More on project panama
So i've continues to work on code utilising project panama/jdk.foreign to bind directly to C apis. Most of the work has gone into one of the vulkan bindings in panamaz - i started a 3rd one that creates the api directly from registry but utilises templates heavily to be a bit less hairy than the first attempt. It's still grown to be pretty hairy but at least it runs fast and generates a good quality api. I might split it out into it's own project soon as netbeans is getting a bit unwildy opening panamaz with so source files to work with.
Now i'm going through the vulkan tutorial and using tha to refine the api a bit further. I'm working towards using signed distance fields for digital art of some sort. What? Who knows, i'm lacking inspiration.
Also my heart isn't really in it at the moment so it's a pretty slow burn. I've stopped tracking the development version and i'm just using openjdk 18 - the primary reason is that netbeans wont open projects properly when i use my development builds so i've kinda given up. The api has moved on quite a bit from jdk 18 so it will be quite a bit of change when it comes to update unfortunately. I'd been using emacs to get around this but without code completion Java isn't a lot of fun.
notzed.nativez, java.make
I've been working on an update java.make which removes the JNI bits and replaces whem with jdk.foriegn bits via an updated notzed.nativez (jdk-foreign branch). I had made a couple of mistakes: using .PHONY targets as dependencies just doesn't work, and trying to hook everyting to the 'classes remade' sentinal wasn't sufficient granularity. I've added a few more sentinal markers which can be used as dependency targets and this has greatly simplified the dependency setup and allows builds to properly parallelise.
Long term i'll probably update jjmpeg and zcl to use these new mechanisms but for now they are not a priority.
I have another background project going to try to optimsie the build process. I have almost all the code done in both c and java to handle accurate incremental builds, e.g. it can find out what needs to be remade, what needs to be deleted and so on, run a compiler server, and generate makefile dependency rules, but for now i'm using javac with '-m'.
netbeans
Along the way I ran into some performance issues with Netbeans and java code completion.

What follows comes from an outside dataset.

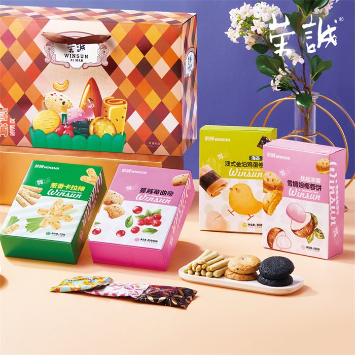 80g香焙杏仁酥x1,80g香焙黑芝麻酥x1,80g蔓越莓曲奇x1,72g蔥香卡拉棒x1,80g澳式金泊雞蛋卷(海苔)x1,140g絲絲濃香雪媚娘椰蓉餅x1

As part of the code completion it runs through a routine which filters out the visible symbols based on Java's scoping rules, but the routine uses an N^2 algorithm, and to make matters worse the inner loop does a string comparision based on output of CharSequence:toString() - which is very expensive, genereates a ton of garbage, and by far the majority of the time expense. Even the somewhat modest 3000 constants from vulkan will slow the routine down to around 500ms on a ryzen cpu. Oddly there was alreayd a solution to this coded up but for some reason it was never hooked up to all uses of the visibility check. I reported it with some potential fixes and then found out jira is no longer the bugtracker for netbeans. Sigh, it sucked but at least it wasn't github.
Netbeans code completion seems more broken than it used to be as well since they switched away from the gpl licensed nb-javac. It wont really complete properly until you've added the import and syntax errors (you know, the ones that exist as you're writing new code because it's decided to repase it mid-phrase) will break all sorts of things. Now i've got a codebase I can edit i might see if i can at least build a local copy without all that tooltip bullshit that keeps getting in the way of what you're doing. Be nice to fix the slow performance of the output window too - there's no reason it should be so miserably slow.
jdk.vector
A few weeks ago I also played a bit with the vector api which allows one to access SIMD instruction sets natively in java. It's a bit better than I thought it was when I first looked at it (it seemed very clumsy), but it's also less abstract than I had hoped. It's more or less a mapping to AVX intrinsics - you need to specify the vector width and although you have abstracted intrinsics you must code to the platform the same way you need to with intrinsics otherwise the performans tanks. Also suffers from the general problem of compilers over-usign registers so it's easy to get spills if you try to unroll anything.
I was mostly poking around with graphics related maths functions like matrices, one routine was a 4x4 matrix inversion using gauss-jordan elimination. I tried to unroll the inner loops entirely using SIMD selection logic to implement the row sorting but it didn't create much speed-up. Oddly I tried a branchy bit of code that generated some very odd hotspot output that executed microbenchmarks quite a bit faster - it seems to branch off to a sort of exception point, re-arrange the registers via memory swaps and then re-enter the main loop through some hotspot function. Kinda hard to follow what was going on with the assembler output. I might post about this later if i revisit it.